Es dauerte eine geraume Zeit, bis sie reden konnte. Man sah es, das Mädchen befand sich in einem Zustand hochgradiger Erregung.
Sie legte ihre Hände ineinander, wie einer, der beten will. Mit feucht schimmernden Augen blickte sie zu mir auf und sagte in fließendem Englisch, wie man es selten von einem Indianermädchen zu hören bekommt: „Wirst du ihn gesund machen?“
Sie sagte das wie ein Mensch, dem es um seiner Seele Seligkeit bange ist. Die Qualen eines zu Tode geängstigten Herzens sprachen aus dem Ton, in dem sie redete, und wie war es so klangvoll, so weich, so berückend süß, dieses Organ! Wie aus dem Herzen kommend und tief dem Hörer zu Herzen dringend die Worte!

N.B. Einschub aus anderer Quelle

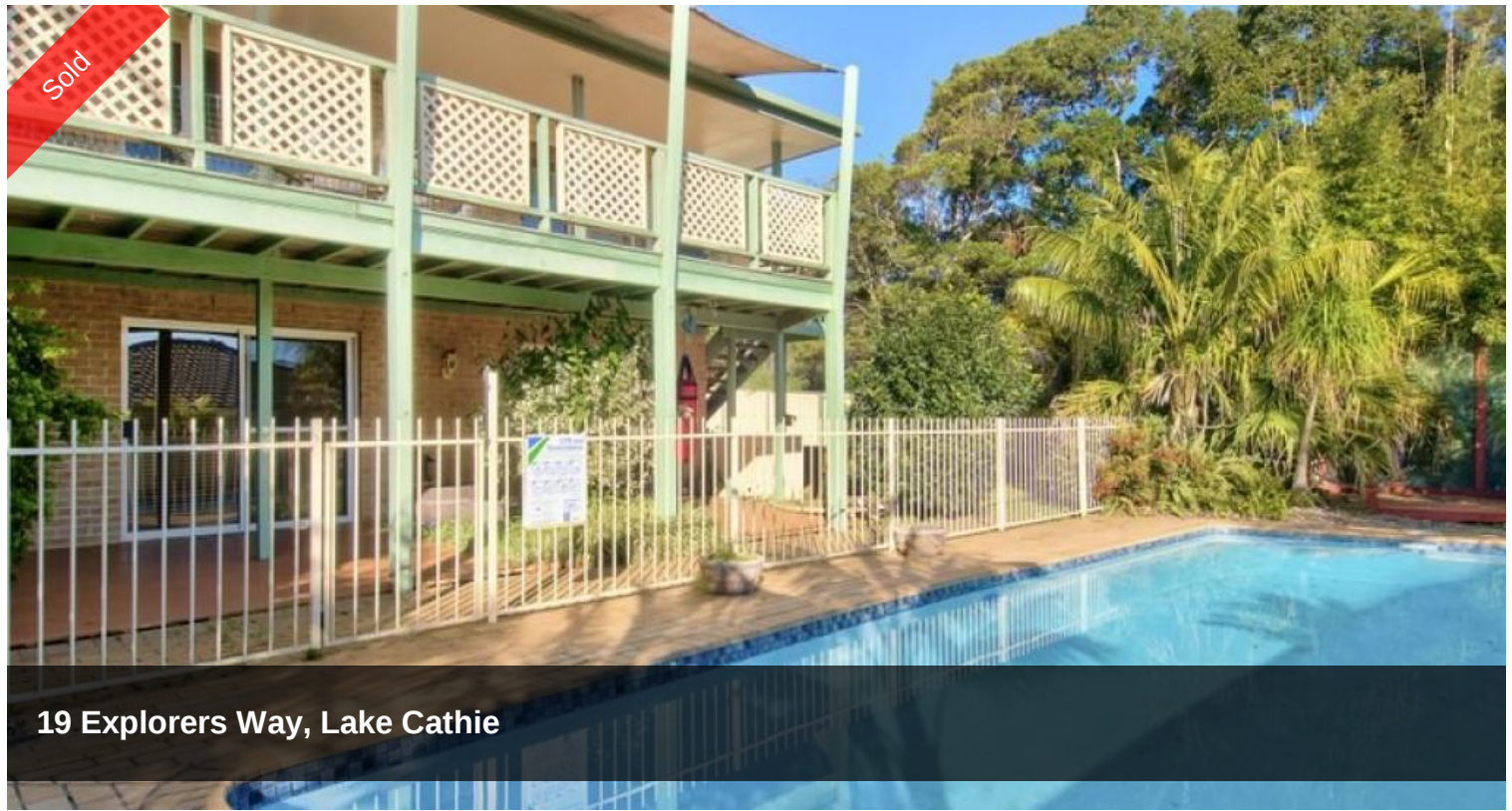
19 Explorers Way, Lake Cathie

Wirst du ihn gesund machen? Es war Fragen und Bitten zugleich. Flehentliches Bitten und besorgtes Fragen, sonderlich als das Mädchen diese Worte wiederholte, dieweil ich nicht gleich antwortete; dazu legte sie beschwörend ihre beiden Hände in meine Rechte, die bereits den Zügel des Pferdes hielt.
„Ich kann keinen Menschen gesund machen; das kann nur Gott!“, sagte ich ruhig und langsam.
„Den kenne ich nicht!“, entgegnete sie schroff.
„Ich will dir von ihm sagen“, erwiderte ich, „wie ich eben dem Kranken von ihm gesagt habe“, denn dass sie von diesem redete, war mir gewiss.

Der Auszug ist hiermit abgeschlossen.